- [EXERCISE GOAL]:
From the first line of the data through the line containing "一园三堂的归家动线,象征着东", transcribe each line exactly. Pictures do not belong in the copy.

Records from a data source:
####

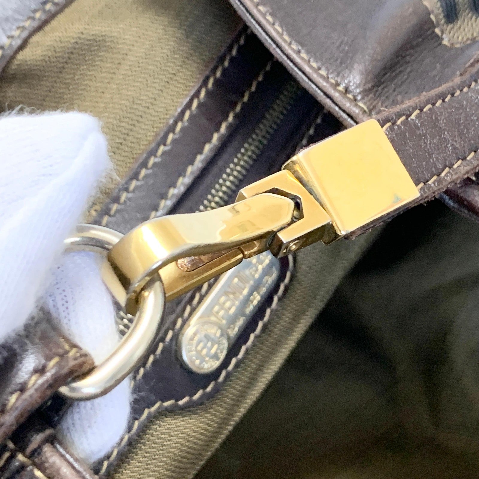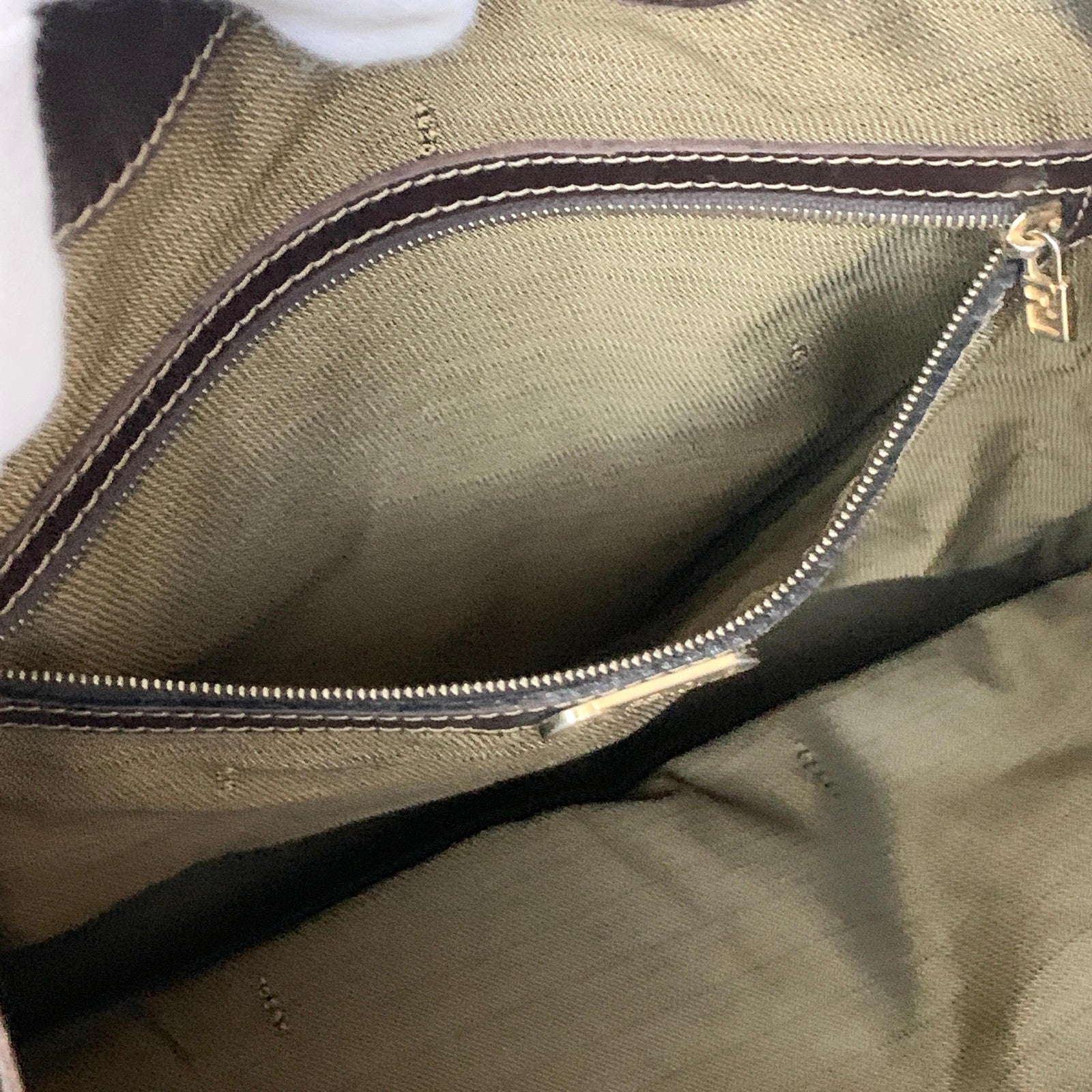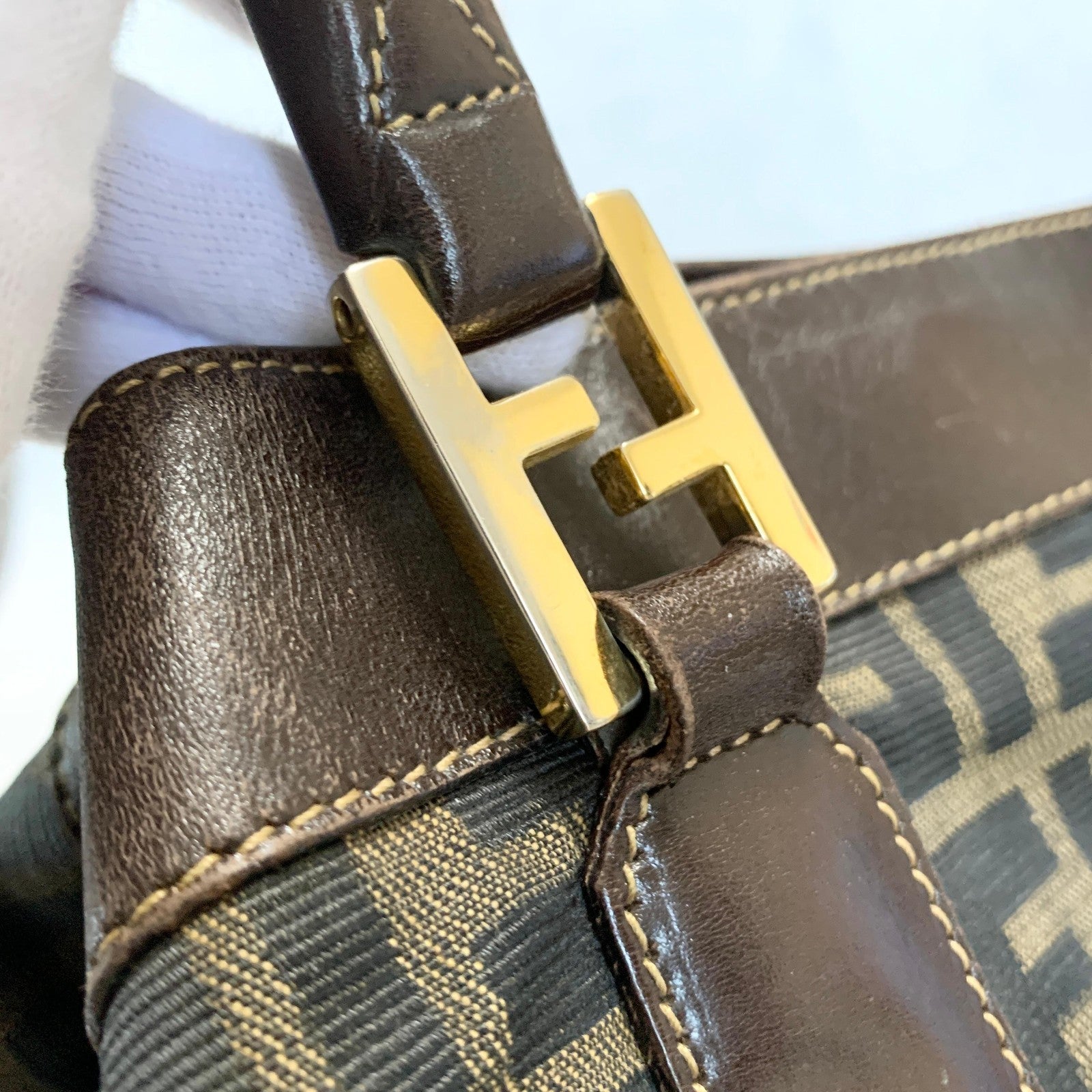 FENDI Zucca Handbag FF Shoulder Tote Purse Canvas Brown Gold Used Auth Unisex
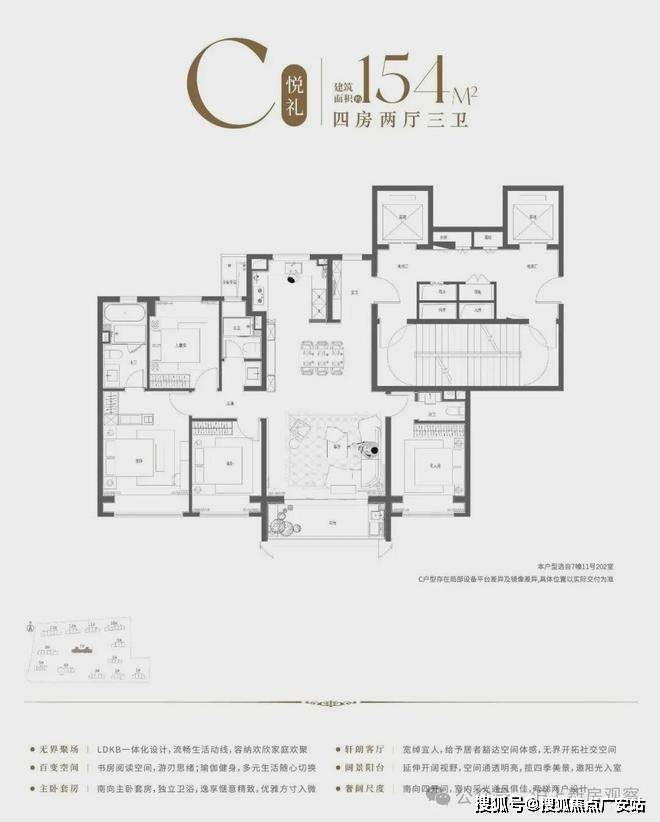 一园三堂的归家动线,象征着东方人文礼序。建筑风格造型,灵感源自金镶玉设计,提取其“曲”的形和白金配色应用到塔楼立面上,彰显项目的温和雅丽与尊贵典雅。
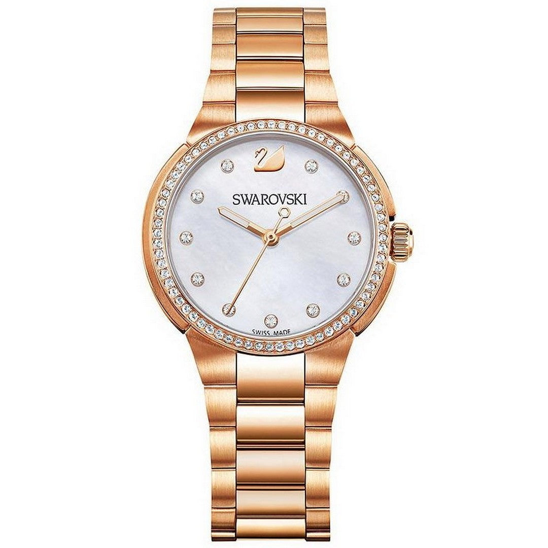 Orologio Solo Tempo Da Donna Di Swarovski Della Collezione City. Modello Con Pietre Clear Crystale Placcatura Oro Rosa. Questo Orologio Ha Cassa In Acciaio Con 68 Clear Crystal Fissati Sulla Lunetta. E Cinturino In Acciaio Con Finitura Oro Rosa. Quadrante Madreperla. Orologio Impermeabile Fino A 50 M; Swiss Made. La Referenza È 5221176
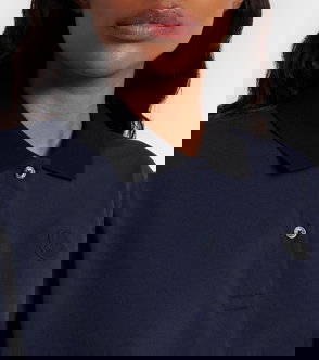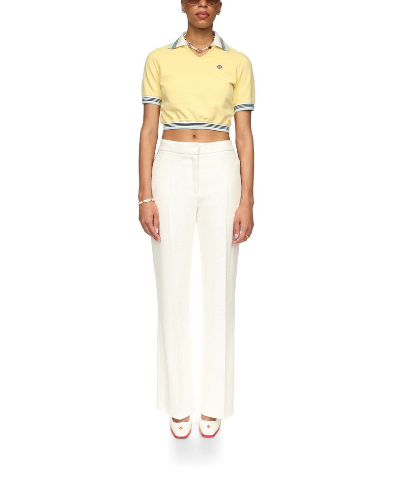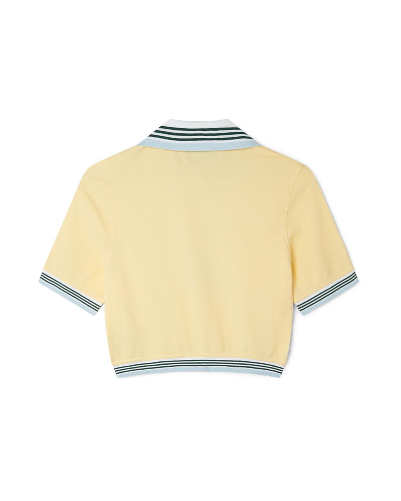 The cropped pique polo is a short-sleeve v-neck design with a slightly gathered hem.
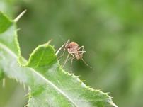 Mosquito at rest: Late June, 2004 Just a photo of one of the billions of the wicked, blood sucking monsters that inhabit/infest the Island mostly in the spring and early summer. Only the females take a blood meal as they require components found in blood to develop a viable egg cluch. The males usually drink flower nectar.
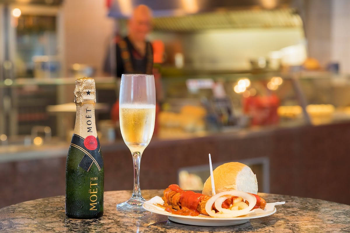 This is one if the top currywurst places, you can even get it with champagne. It's fun and good quality! German is preferred as well as cash.
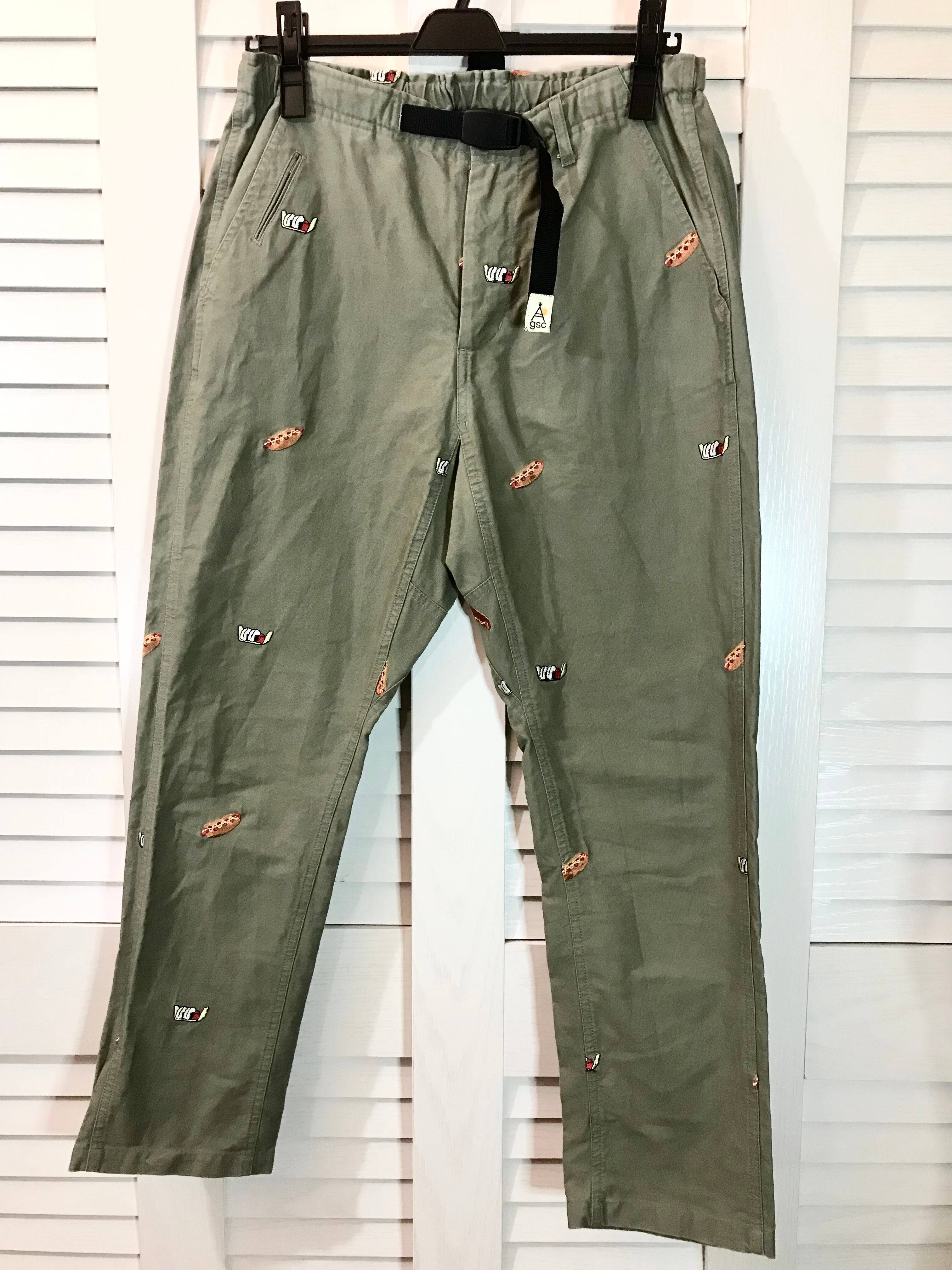 go slow caraban チノクロス ランチ刺繍デザインイージーパンツ カーキ おむすび/タコさんウインナー/ホットドッグ
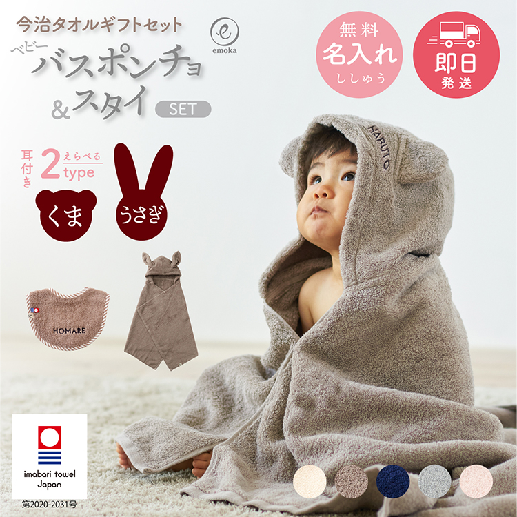 | 商品説明 | 「生まれてすぐ」から「長く」使える 今治タオルのギフト<2点>セット! emokaの人気商品「スタイ」「バスポンチョ」が組み合わせになったセットです。 日本一のタオル産地『愛媛県今治市』で生産されており、デリケートな赤ちゃんの肌にも使える、ふっくらやわらかな肌触りが特徴です。 |
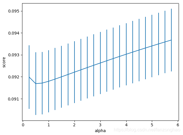 plt.errorbar(alph_range, abs(grid_results['mean_test_score']),abs(grid_results['std_test_score'])/np.sqrt(splits*repeats))
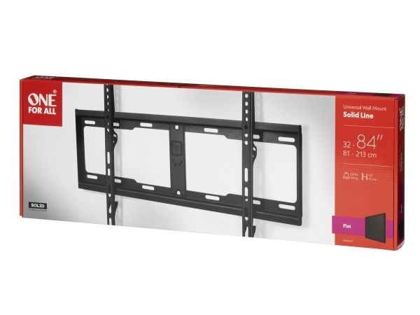 One For All SOLID WM 4611 väggfäste erbjuder en lågprofillösning för att fästa plattskärmar från 32 till 84 tum. Med en robust design som klarar en maximal lastvikt på 100 kg är detta fäste perfekt för olika miljöer, oavsett om det är hemma eller i en kontorsmiljö. Dess mångsidighet framhävs av flera gränssnitt för plattskärmsfästen, inklusive storlekar från 100 x 100 mm upp till 600 x 400 mm, vilket ger en säker passform för många skärmtyper av olika märken.
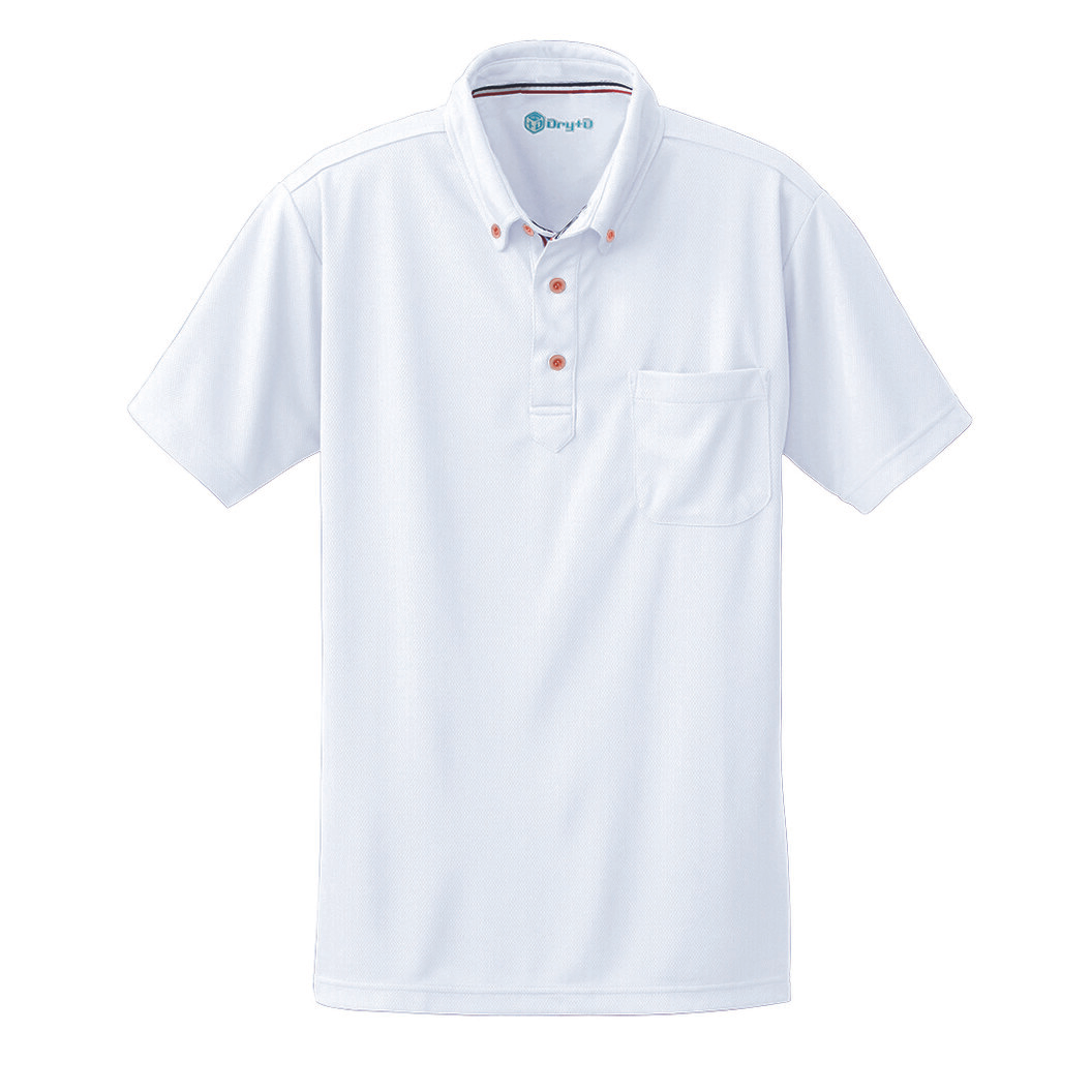 通気性に優れたハニカムメッシュを使用しています。吸汗速乾加工による続くドライ感。衿ボタンダウン仕様です。不快なニオイを軽減するデオドラントテープ付き。レディースサイズ対応商品。
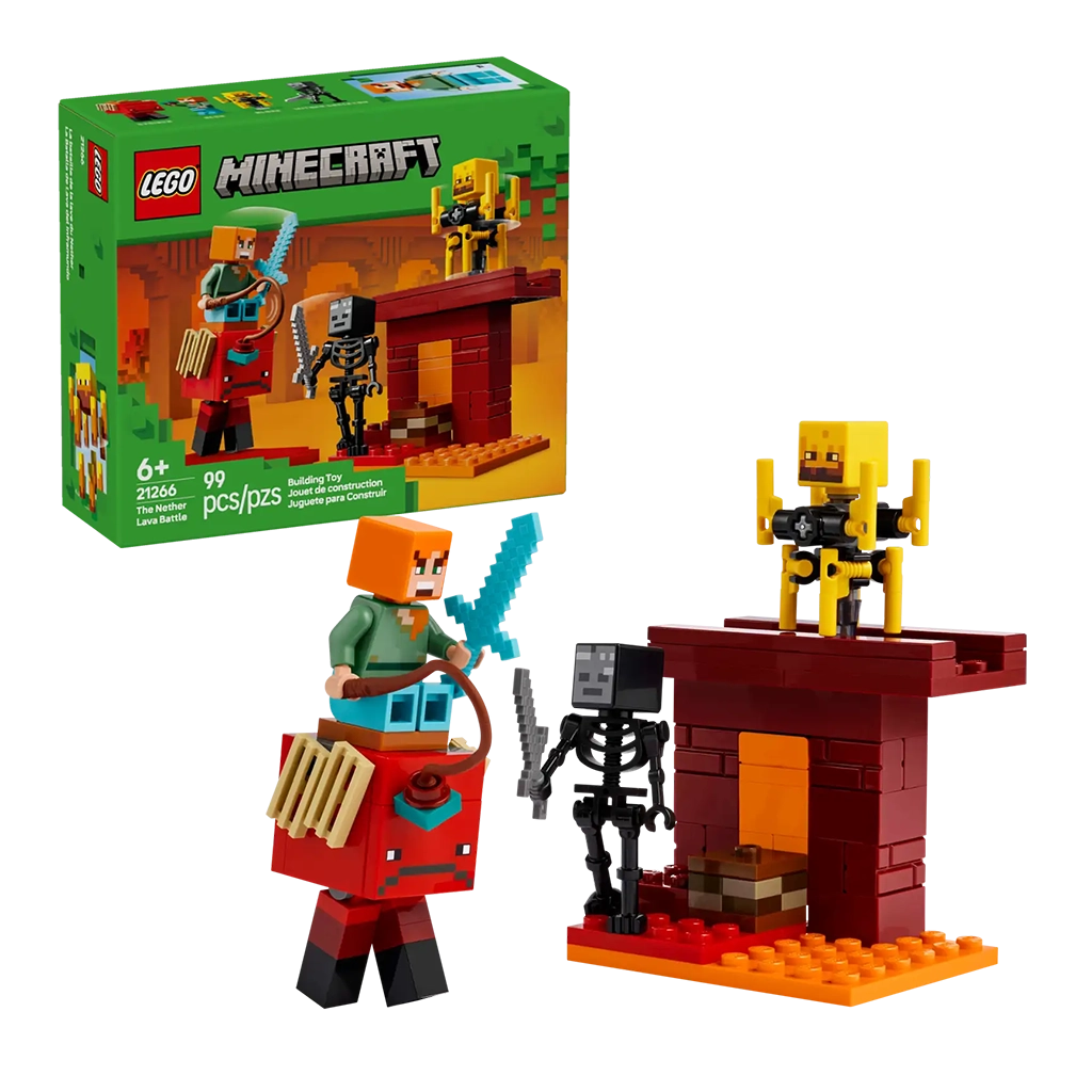 The Nether Lava Battle (21266) is a small LEGO® Minecraft® set that provides a build-and-play version of the popular video game. This versatile Minecraft activity set features popular gaming figures, fun features and endless action, making it the perfect treat for kids aged 6 and up.
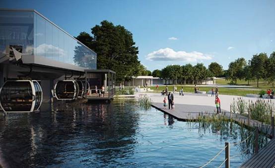 据《建筑与生活》(Bouw en Wonen)报道,2022 年阿姆斯特丹——阿尔梅勒世园会主办方表示,跨越 2022年阿姆斯特丹-阿尔梅勒世园会园区的 850 米长的缆车正在施工。这个 35 米高的空中运输系统将于 6 月完工,届时世园会预开放活动的参观者将有机会体验。

####

- [EXERCISE ANSWER]:
 FENDI Zucca Handbag FF Shoulder Tote Purse Canvas Brown Gold Used Auth Unisex
 一园三堂的归家动线,象征着东方人文礼序。建筑风格造型,灵感源自金镶玉设计,提取其“曲”的形和白金配色应用到塔楼立面上,彰显项目的温和雅丽与尊贵典雅。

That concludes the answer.